REQUIREMENT>
Lines from the one containing "Gold plated stainless" through the end of the listing are what is wanted, given again exactly with both ends included and pictures left out.

DATA BLOCK>
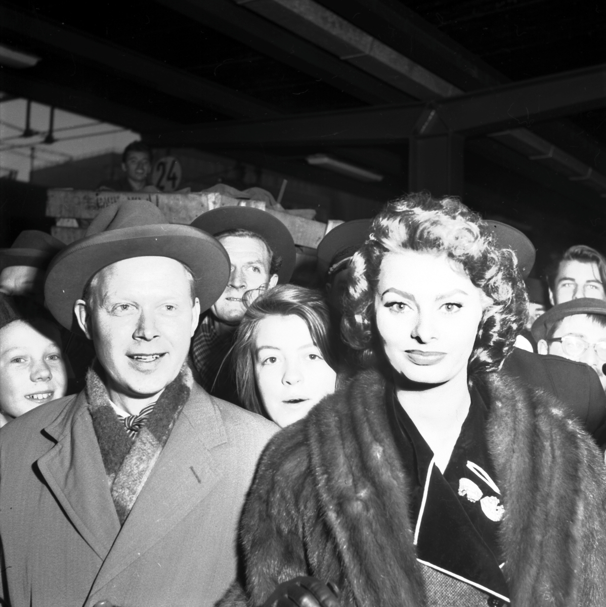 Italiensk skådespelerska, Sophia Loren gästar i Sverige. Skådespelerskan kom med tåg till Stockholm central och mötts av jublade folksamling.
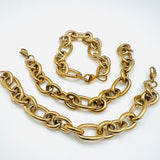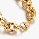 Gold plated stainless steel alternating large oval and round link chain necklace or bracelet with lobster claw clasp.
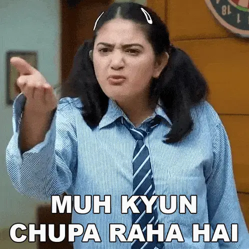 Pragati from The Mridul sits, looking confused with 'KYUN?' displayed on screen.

EXERCISE SOLUTION>
 Gold plated stainless steel alternating large oval and round link chain necklace or bracelet with lobster claw clasp.
 Pragati from The Mridul sits, looking confused with 'KYUN?' displayed on screen.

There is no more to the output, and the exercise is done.